As the battle over healthcare continues to heat up, the economic picture for the future of the United States has again come into focus. The Congressional Budget Office (CBO) and the White House both reported earlier this week that the U.S.’ deficit will balloon to a record $1.6 trillion this year, representing 11.2% of gross domestic product (GDP). For opponents to President Barrack Obama’s healthcare plan, the news provided a red flag against increasing federal spending.
Though NACM’s Credit Managers’ Index (CMI) showed that the U.S. economy hit bottom in March and other analyses have agreed with a similar timeframe, the CBO anticipates recovery will be “slow and tentative.” The predictions are for 1.6% annual growth as 2009 matures, with GDP growth of 2.8% from the fourth quarter of 2009 to the first quarter of 2010. The CBO predicts a slow build up to 3.8% GDP growth by 2011 and that the average annual growth seen in 2012 and 2013 will be around 4.5%.
As the economy recovers, and if all policies remain as they are today, the agency estimates the nation’s deficit would shrink, but remain above $500 billion per year, more than 3% of GDP, for the duration of 2010 until 2019. Public debt over that time frame would increase from 54% of GDP to 68% of GDP by 2019. That would be double the low seen in 2001 of 33%. But the problem looming is that healthcare costs are expected to increase rapidly if something isn’t done. Last year, outlays for Social Security, Medicare and Medicaid combined for 9% of GDP. Over the next decade, that percentage is expected to hit 12% of GDP by 2019 and total 17% of GDP by 2035. If that is allowed to happen, the CBO warns that it would pose a threat to U.S. economic stability because federal debt and the deficit would grow substantially.
For the ten year period from 2009 to 2019, CBO’s baseline combined deficit projection is roughly $7.1 trillion, $2.7 trillion more than the estimate it released in March. In contrast, the White House’s Office of Management and Budget (OMB) predicts a combined deficit of $9.1 trillion during that same ten year period. CBO’s Director Douglas Elmendorf calls a comparison of the two projections “apples-to-oranges.” The OMB assumes Obama’s proposed policies will be approved.

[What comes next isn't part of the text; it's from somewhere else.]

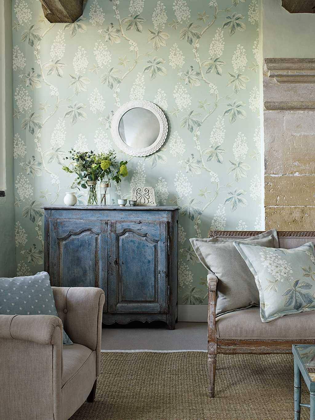 Zarte Kastanienblüten und fein gezeichnete Blätter auf einem hellblauen Grund. Chestnut Tree bringt klassische Naturmotive mit sanfter Farbigkeit zusammen – ruhig, wohnlich und harmonisch.
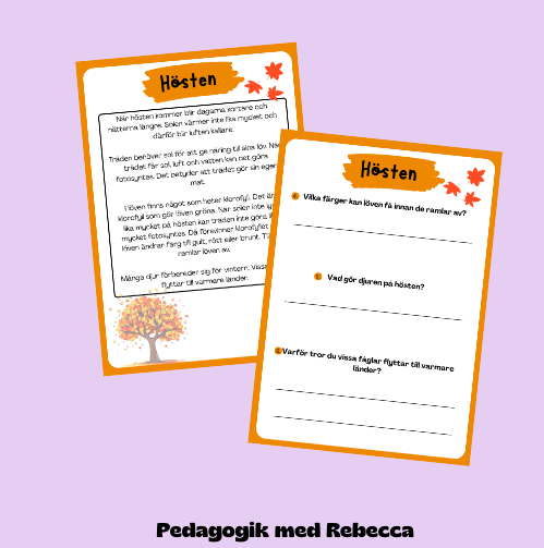 Ett arbetsblad med en fakta om HÖSTEN med tillhörande frågor utifrån faktatexten.

“President Obama inherited the major causes of the deficit -- including debt-financed tax cuts and an economic crisis from the last administration -- but he has accepted the responsibility to leave our nation on sounder fiscal footing than he found it,” said House Majority Leader Steny Hoyer (D-MD). “The Recovery Act, even while it added to the short-term deficit, staved off catastrophe and is bringing this recession to an end.”
Hoyer said that the mid-session reviews of the budget are clear signals to Congress and the White House that efforts must be made to bring the deficit under control. He added that, “because the cost of health care is the single biggest contributor to our deficit, it is imperative that we pass a health care reform bill that brings peace of mind to middle-class Americans, while reducing costs.”
Not unexpected, the other side of the aisle saw a different picture. Republicans have rallied around the White House’s $9 trillion figure and see the deficit projection as a clear sign that the nation’s fiscal health is on a slippery slope.
“The Obama administration’s announcement that the 10-year federal deficit has risen to $9 trillion is staggering,” stated Senator Lamar Alexander (R-TN). “We’re on track to double the national debt in five years and triple it in 10 years. This is a flashing red light for any health care proposal that doesn’t reduce the cost of health care for Americans and their government.”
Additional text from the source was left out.